Escribo desde Londres en uno de esos días espléndidamente soleados que se dan en esta época, días generosamente largos en que el sol parece que no se va a poner nunca, pero estoy consciente de que en este país la lluvia está siempre a la vuelta de la esquina. Como esa que dicen cayó hace 60 años, el 2 de junio de 1953, cuando fue coronada Isabel II. Dicen que llovió a cántaros todo el día, pero que las turbas no se inmutaron, porque tras cinco años de guerra y ocho adicionales de racionamiento, la juventud de la nueva reina les daba a todos un golpe de esperanza.
Inglaterra tuvo un primer reinado isabelino entre 1558 y 1603. Fue la época en que se consolidó la reforma protestante, y el estatus del país como gran potencia europea, tras la derrota de la Invencible Armada en 1588. Fue la época en que Shakespeare escribió esas obras que todos los británicos conocen de una forma u otra, y que les permiten compartir referentes que expresan todos los avatares del alma humana.
Algunos podrían pensar que esta segunda era isabelina no podría ser sino una sombra de la primera. Pero los 60 años de Isabel II han sido muy exitosos. Lo han sido en parte por sus virtudes personales, su profundo sentido del deber. Antes de su coronación, les pidió a los británicos, «cualquiera que fuera su religión», que rezaran por ella, para que tuviera «la sabiduría y la fortaleza para cumplir con las solemnes promesas de la Coronación», y para servir a su gente «por toda la vida». Lugares comunes, se podría decir, y lo diríamos en el caso de un político o una política, pero en estos 60 años, ha demostrado que el deber y el servicio son para ella objetivos intransables. Y eso le ha ayudado a mantener unida a la gente en un período en que Gran Bretaña acogió a millones de inmigrantes de las antiguas colonias, convirtiéndose por primera vez en un país multiétnico, en que conviven todas las razas y todas las religiones.
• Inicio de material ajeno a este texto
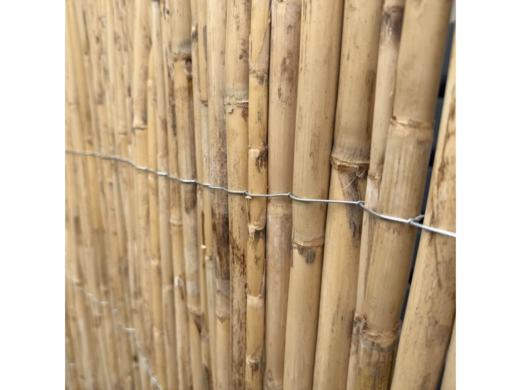 Bambus je možné natírat, lakovat a je odolnější a pevnější než rákosová rohož. Námi nabízený bambus má plný kulatý tvar o průměru 2 - 3 cm. Délka bambusového plotu je 5 metrů.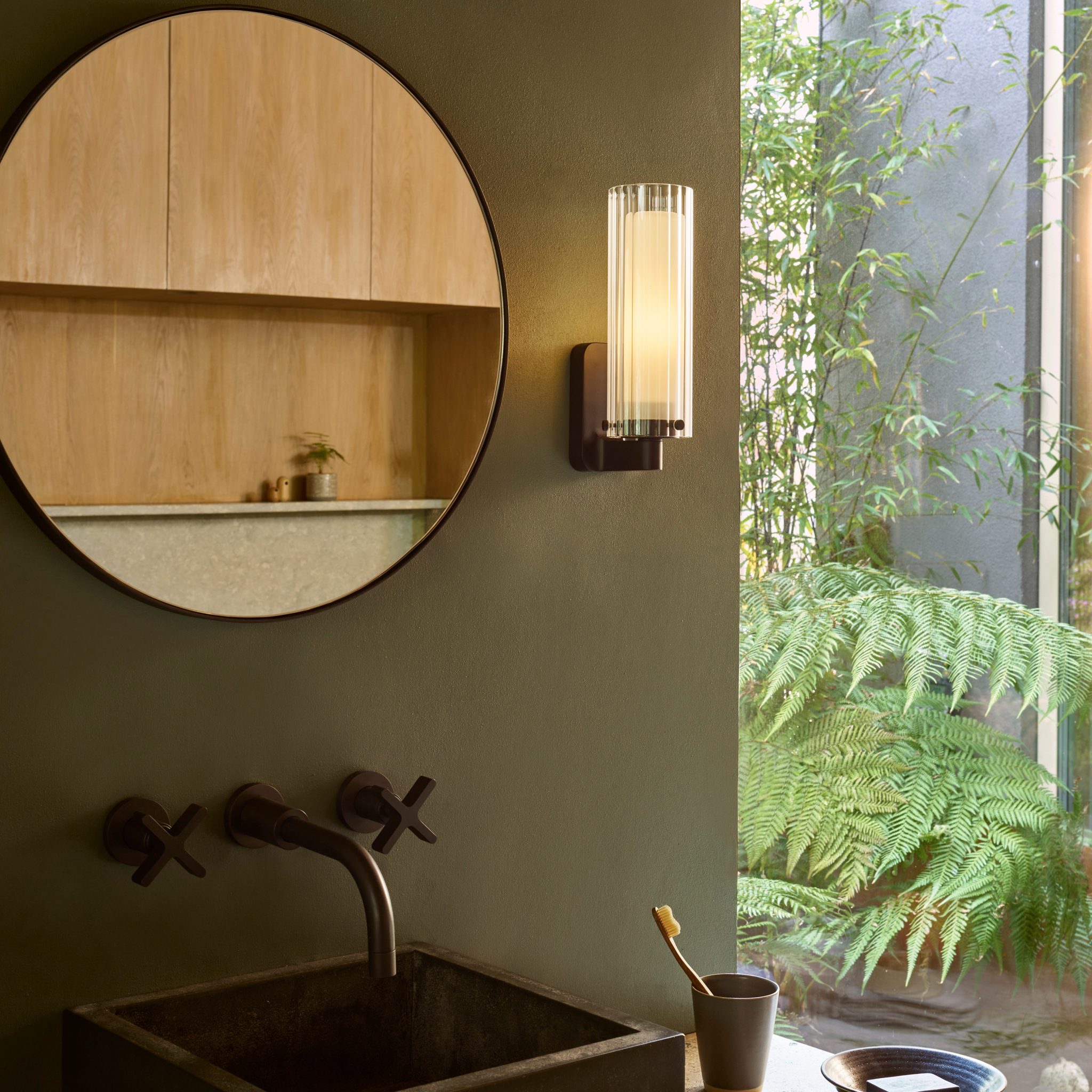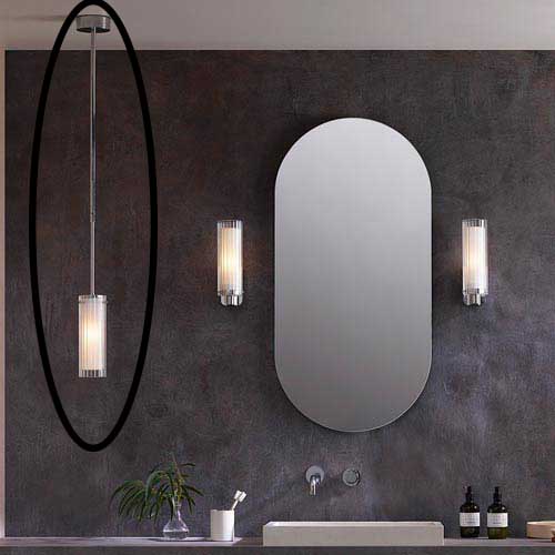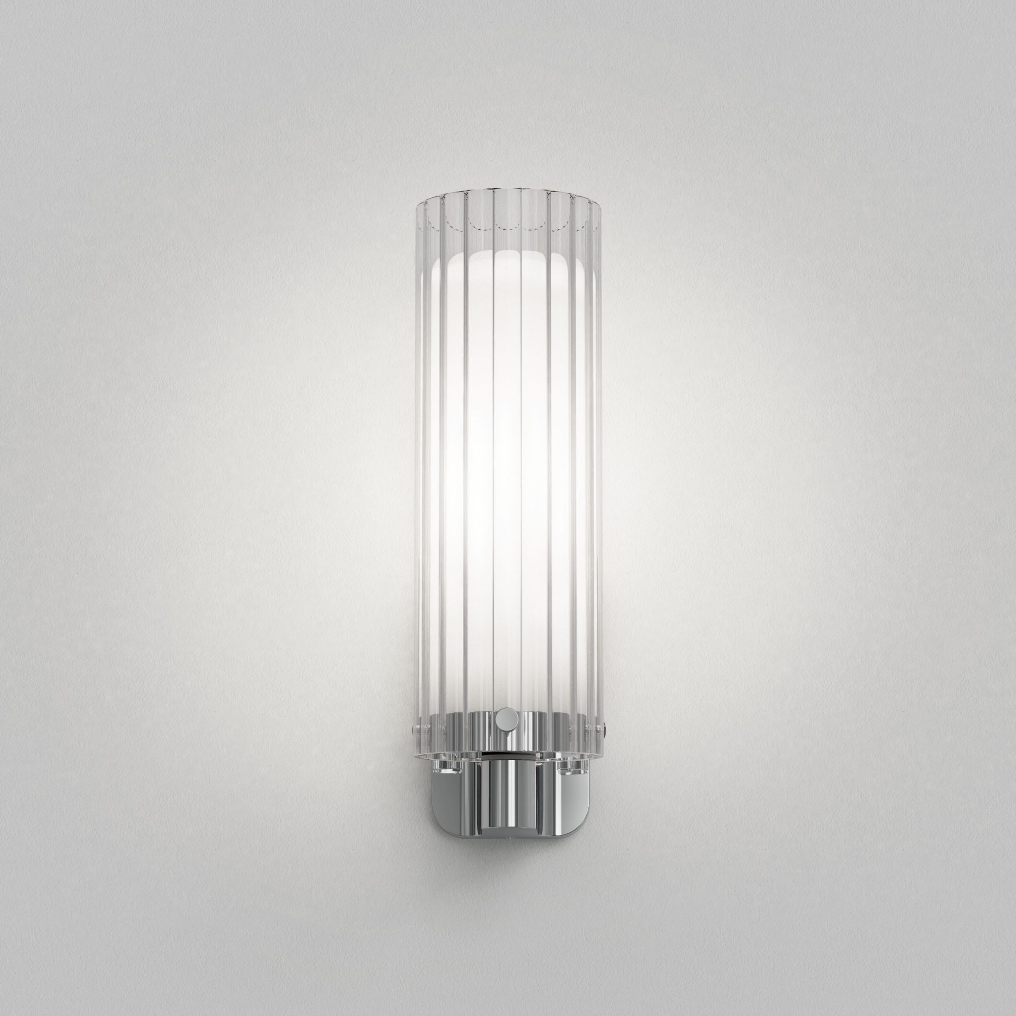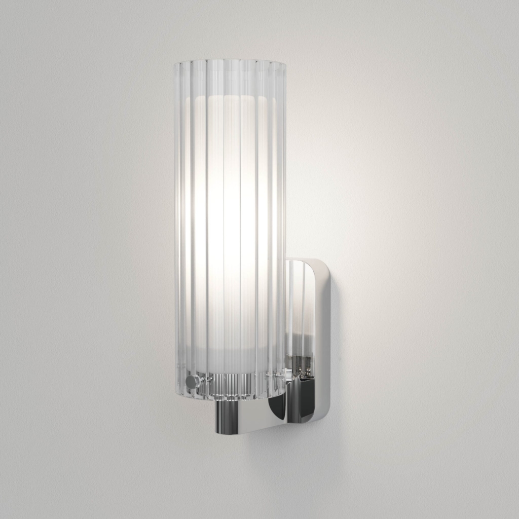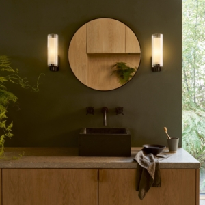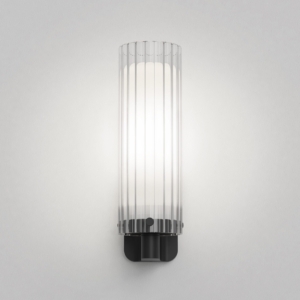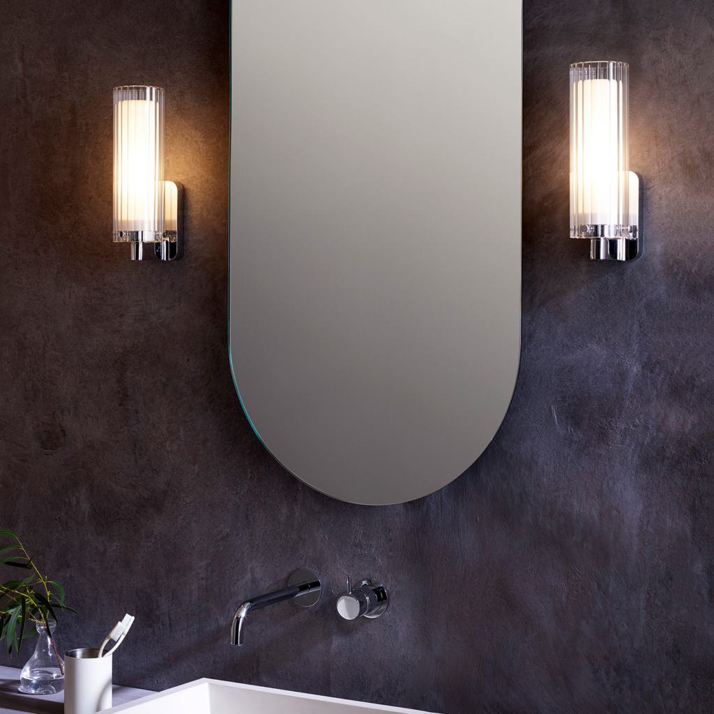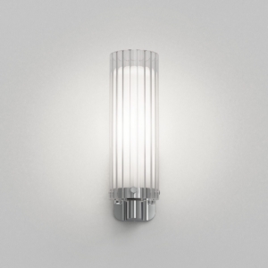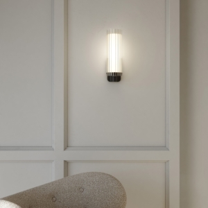 Ottavino Wall väggbelysning. Ett mjukt arbetsljus vid placering på vardera sida om en spegel. Lampan har dubbla lager av glasskärmar där den yttre har ett vågformat mönster. Ottavino Wall erbjuds i matt svart finish och krom.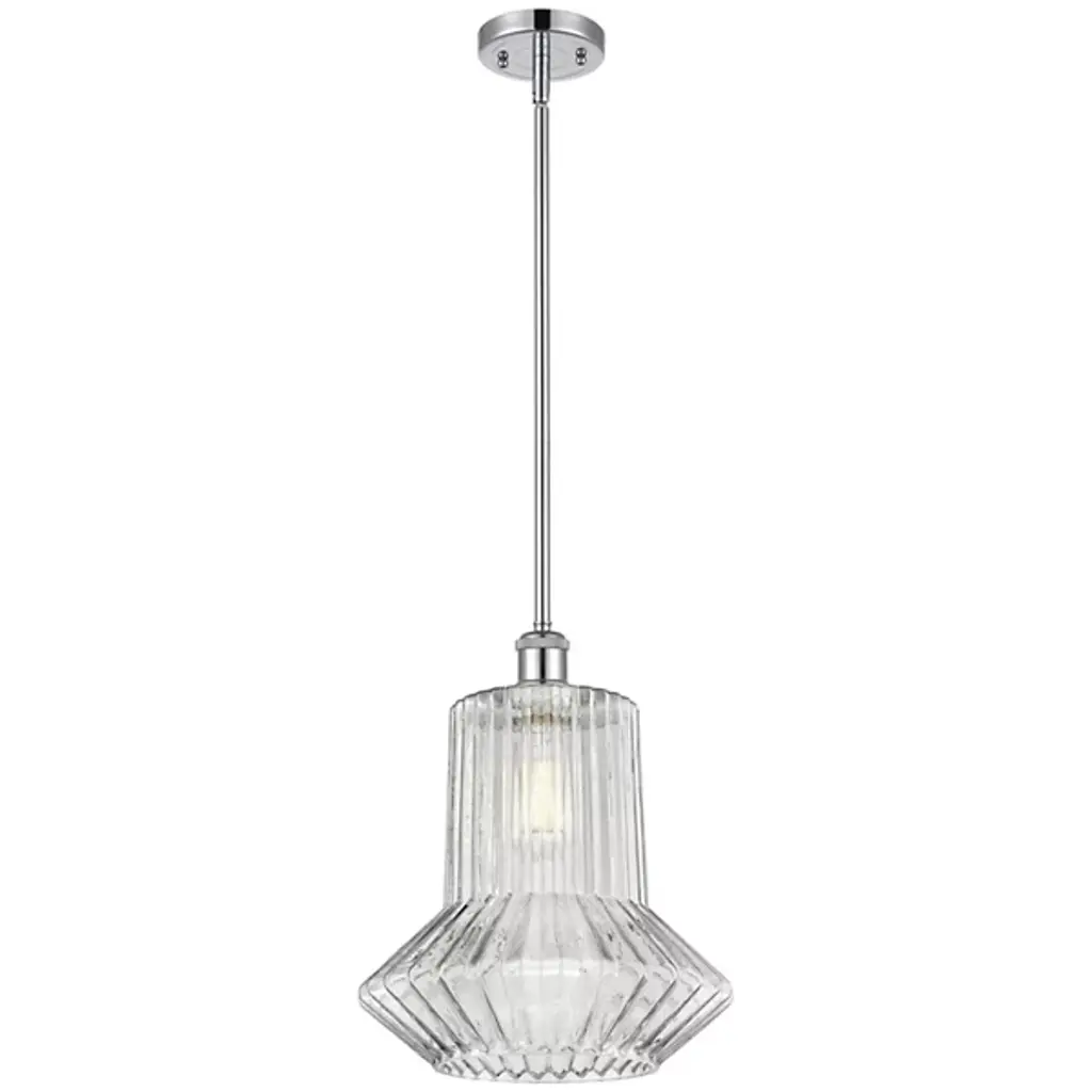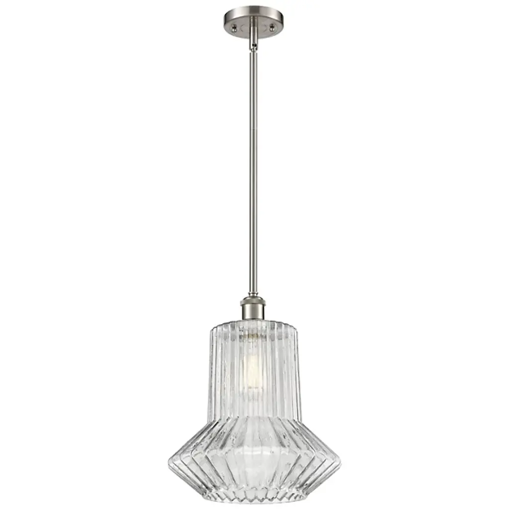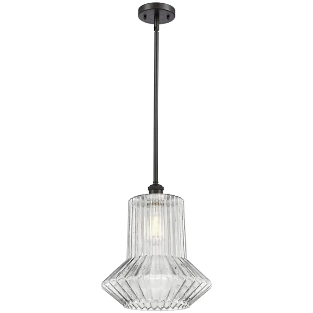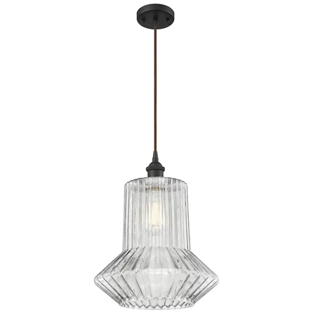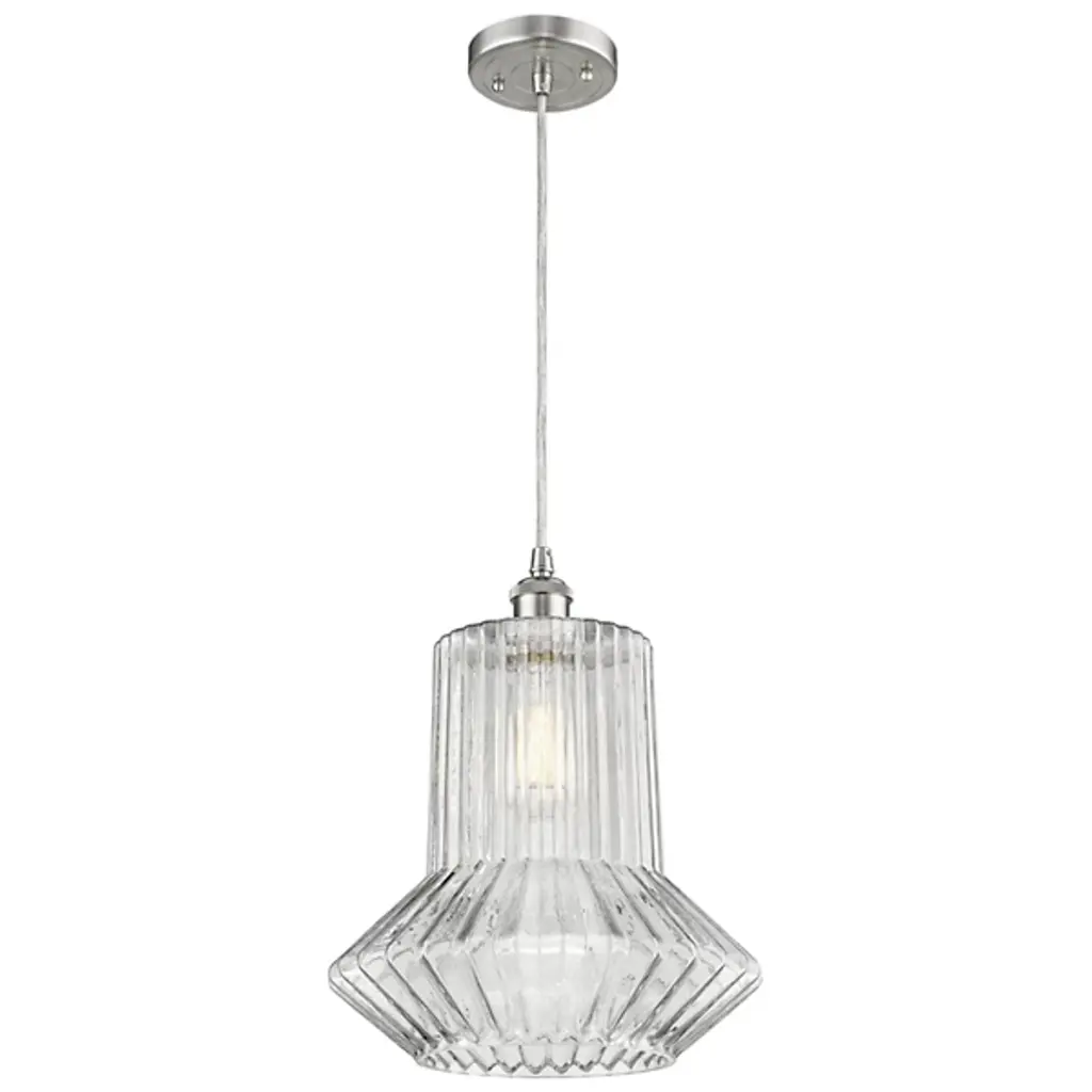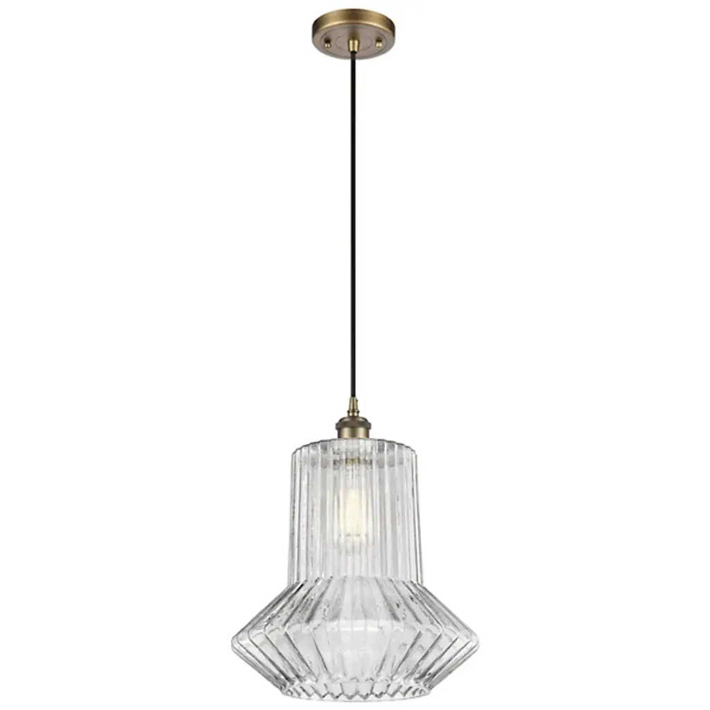 The Audan Mini Pendant by Alder & Ore brings beauty and ambient lighting to home or office lighting. Starting with the round cast brass ceiling plate, the pendant light showcases an industrial-style socket complete with knurled details. Stealing the show is the art deco-style fluted glass shade. When lit the pendant emits a warm ambient glow, with some reflective light play. This indoor pendant light complements many design styles and will elevate the lighting in a kitchen eating space, entryway, and dining room.

Conviven mal, diría más de alguien, apuntando a la brutal matanza de un soldado la semana pasada: sus dos asesinos, que le propinaron decenas de cuchillazos y llegaron hasta a intentar cortarle la cabeza, esperaron tranquilos la llegada de la policía, mientras declamaban vengativos improperios islamistas. Pero hay un millón de musulmanes solo en Londres, y en su gran mayoría son perfectamente pacíficos: hechos de este tipo son muy aislados.
Con todo, qué importante, para que no prosperen fanáticos de ese tipo, que haya en un país instituciones transversales como lo es la monarquía británica. Instituciones capaces de tender puentes entre toda la gente de buena fe, sea la que sea su ideología, porque su mirada es hacia el país en su conjunto; instituciones que por eso logran que queden aislados y contenidos los fanáticos. Nada más notable, en el caso de Isabel II, que, justamente, su rigurosa transversalidad. Le han tocado 12 primeros ministros, de los cuales ocho conservadores y cuatro laboristas. Nunca mostró alguna preferencia por uno de ellos o por algún partido, aun cuando las diferencias ideológicas eran enormes en el país, como en los años 70. Esa transversalidad, conjugada con el sentido de deber, ha ayudado a que convivan gentes de diferentes ideologías, partidos, etnias, religiones, inclinaciones sexuales y clases sociales.
Cuesta mucho tiempo para que una institución acumule prestigio, y poco para que lo pierda. La familia real británica no ha perdido nunca su prestigio, a pesar de los desmanes de algunos de los suyos, gracias a que su jefa ha sido siempre de una sola pieza. Es así que ella ha podido seguir reinando no solo en el Reino Unido, sino también, insólitamente, en países tan distantes como Australia, Canadá o Nueva Zelanda.